Wednesday, September 28, 2011

Huge demand for HDB's 'leftover' flats

THE sale of 'leftover' Housing Board (HDB) flats - many in popular mature estates - has attracted an overwhelming response, with more than 14,000 potential home-buyers applying for them.
These 2,847 flats, called 'balance flats', are a mix of those left unselected from previous build-to-order (BTO) launches, surplus replacement flats under the Selective En Bloc Redevelopment Scheme, and those bought back by HDB.

And because so many people went for them, a parallel BTO exercise for new flats launched the same day has seen a muted response. Some BTO estates and flat types were even undersubscribed with just one day left to apply.

Applications for both exercises close today.

The HDB has always advised buyers to opt for BTO flats where possible because there are more of them for sale, increasing a buyer's chance of successfully selecting a flat.

In BTO launches, 95 per cent of the flats are reserved for first-time buyers.

But this has not deterred potential home-owners from trying their luck at getting one of the balance flats, which are popular because they are often in mature estates which are more central in location. They also involve a shorter waiting time since some are completed and most others are already being built.

The balance flats in this exercise are scattered across 15 towns, including mature estates such as Queenstown and Bukit Merah, and non-mature estates such as Punggol and Woodlands.

Some are wildly popular. As of last night, the 30 four-room balance units being offered in Yishun had attracted 858 applications.

More than 1,800 applicants were vying for 422 three-, four- and five-room flats in Clementi, and there were almost 2,500 in the queue for 491 three- and four- room flats in Bukit Merah.

The balance flats were put up for sale last Thursday together with 5,415 BTO flats in Sengkang, Punggol, Jurong West, Jurong East and Ang Mo Kio in a bumper launch of sorts.

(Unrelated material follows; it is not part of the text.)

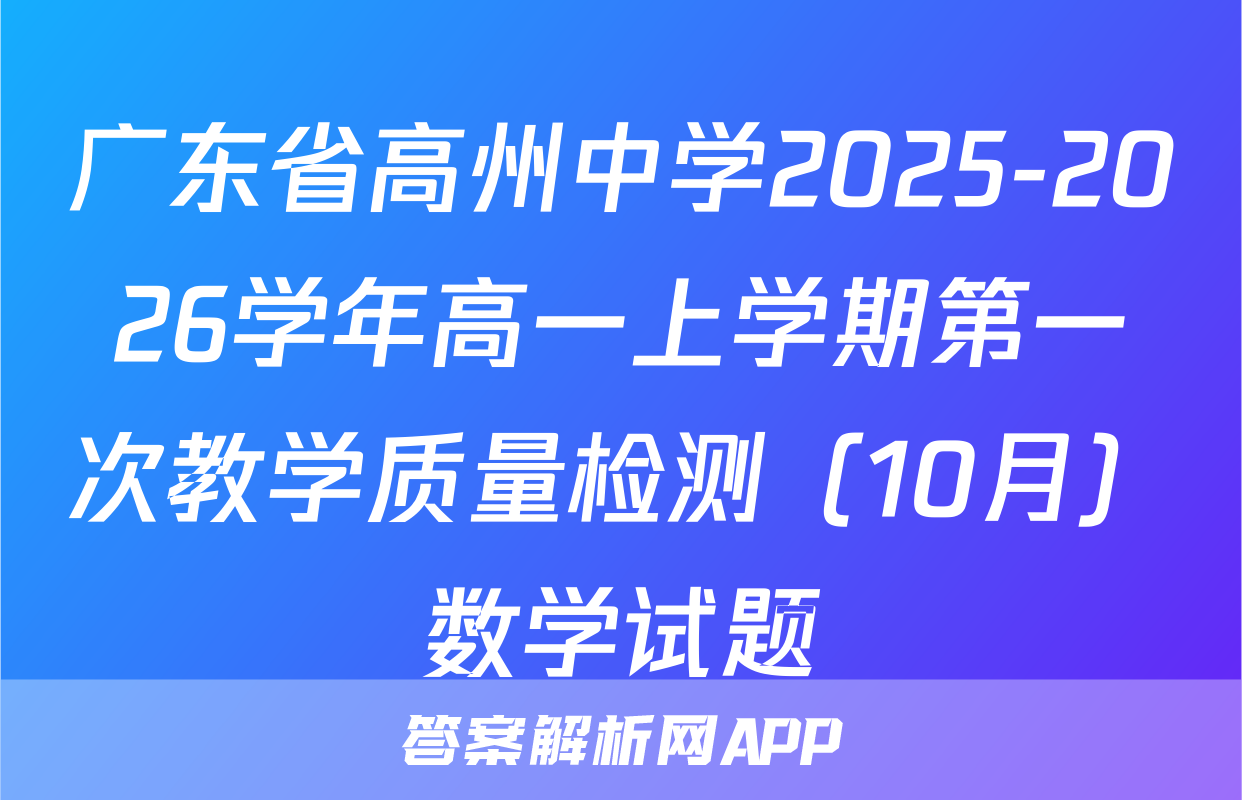 广东省高州中学2025-2026学年高一上学期第一次教学质量检测(10月)数学试题

The BTO units range from 398.3 sq ft studio apartments with a starting price of $70,000 in Sengkang, to 1,205.5 sq ft five-room units costing from $375,000 in Punggol.

Balance flats cost from $82,000 for a two-room unit in Sengkang, to $611,000 for a five-room flat in Bukit Merah.

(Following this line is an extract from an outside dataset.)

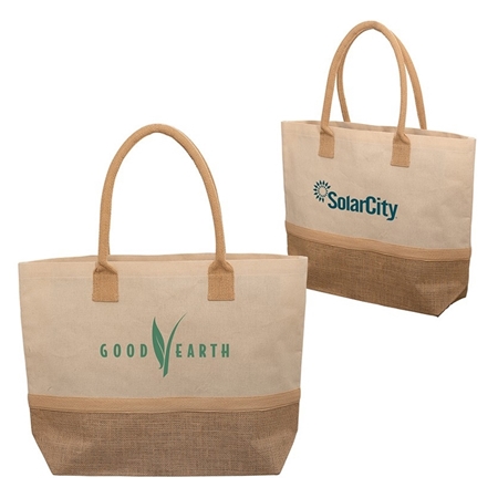 Large open tote bag made of 8 oz. laminated Cotton canvas and laminated Jute. Open interior pocket. 21"l Cotton webbing and rope handles. Do not wash. Wipe clean with warm rag. Do not iron. Recommended weight tolerance: 15 lbs.

As of yesterday evening, there were only 7,200 applicants for the BTO units, with some three-room flats in Sengkang and Jurong East undersubscribed.

Property experts say the huge demand seen in this launch is partly due to last month's revision of income eligibility rules, from $8,000 to $10,000, which has made more people eligible to buy flats.

'The Sale of Balance Flats exercise was supposed to be the supporting cast and the BTO exercise the main star of the show. But the supporting cast has outshone the main star now,' said property consultancy SLP International's research head Nicholas Mak.

PropNex chief executive officer Mohamed Ismail said the response was within his expectations, but noted buyers must take responsibility for their own actions if they end up not getting a flat in this exercise.

'Those who chose the Sale of Balance Flats know they are taking a chance, and those who were not distracted by the balance flats and chose BTO flats will be rewarded for it,' he said.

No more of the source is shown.